Notes and exercises for learning design patterns
The factory starts empty:
class DocumentImporterFactory:
_importers = {}
Importer classes register themselves:
@DocumentImporterFactory.register(".md")
class MarkdownDocumentImporter(DocumentImporter):
...
Now adding a new importer does not require editing a central if / elif chain or registry dictionary inside the factory.
class DocumentImporterFactory:
_importers = {}
@classmethod
def register(cls, extension: str):
normalized_extension = extension.lower()
def decorator(importer_class):
cls._importers[normalized_extension] = importer_class
return importer_class
return decorator
@classmethod
def create_for_file(cls, path: str) -> DocumentImporter:
suffix = Path(path).suffix.lower()
try:
importer_class = cls._importers[suffix]
except KeyError:
raise ValueError(f"Unsupported document type: {path}") from None
return importer_class()
The decorator receives the class being decorated:
@DocumentImporterFactory.register(".md")
class MarkdownDocumentImporter(DocumentImporter):
...
The decorator stores it in the registry and then returns it:
def decorator(importer_class):
cls._importers[normalized_extension] = importer_class
return importer_class
Returning the class unchanged means the class name still refers to the class after decoration.
So this still works:
importer = MarkdownDocumentImporter()
In Exercise 3, adding XML support required editing the factory registry:
_importers = {
".xml": XmlDocumentImporter,
}
With registration, we can add a new class:
@DocumentImporterFactory.register(".xml")

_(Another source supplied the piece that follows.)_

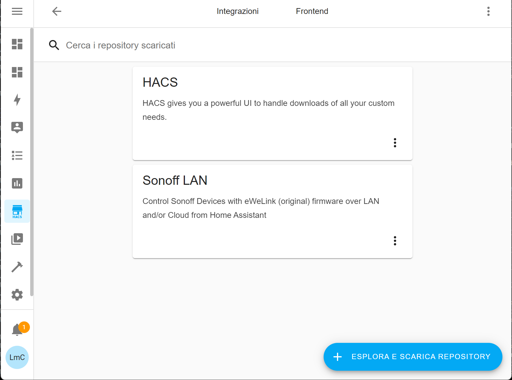 Per l’installazione di SonoffLAN, essendo un custom component di Home Assistant, la soluzione di gran lunga più semplice è utilizzare HACS.
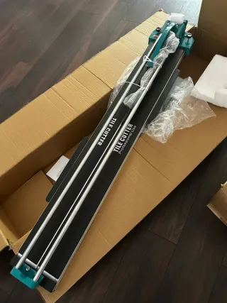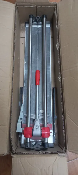 Cortadora de azulejos profesional para azulejos de 120cm o menos nueva sin estrenar, incluye cuchilla de repuesto pilas para laser completa y lista para funcionar nueva sin estrenar con sus plásticos ideal para trabajos de albañilería y reformas. - Guías de corte dobles. - Base de corte amplia. - Mango ergonómico.

class XmlDocumentImporter(DocumentImporter):
...
The factory class itself does not change.
That is closer to the Open/Closed Principle.
The factory is open to new importer classes through registration.
Registration adds indirection.
With a central registry, all supported formats are visible in one place:
_importers = {
".txt": PlainTextDocumentImporter,
".md": MarkdownDocumentImporter,
".html": HtmlDocumentImporter,
}
With decorator registration, the mapping is spread across the importer classes:
@DocumentImporterFactory.register(".txt")
class PlainTextDocumentImporter(...):
...
@DocumentImporterFactory.register(".md")
class MarkdownDocumentImporter(...):
...
That can be good because each importer owns its own registration.
But it can also make discovery harder.
There is another practical concern:
Registration only happens if the module containing the importer class is imported.
If an importer lives in a module that is never imported, its decorator never runs, and the factory will not know about it.
This exercise shows the usual design trade-off.
A simple factory is easier to understand:
if suffix == ".md":
return MarkdownDocumentImporter()
A registration-based factory is easier to extend:
@DocumentImporterFactory.register(".md")
class MarkdownDocumentImporter(DocumentImporter):
...
Neither is always better.
Use registration when the set of implementations changes often, or when external modules should be able to add new implementations.
Use a simple factory or registry dictionary when the set of implementations is small and stable.
A registration-based factory reduces the need to modify the factory when new concrete classes are added.
That makes it more open for extension.
But the extra flexibility comes with extra indirection and import/discovery concerns.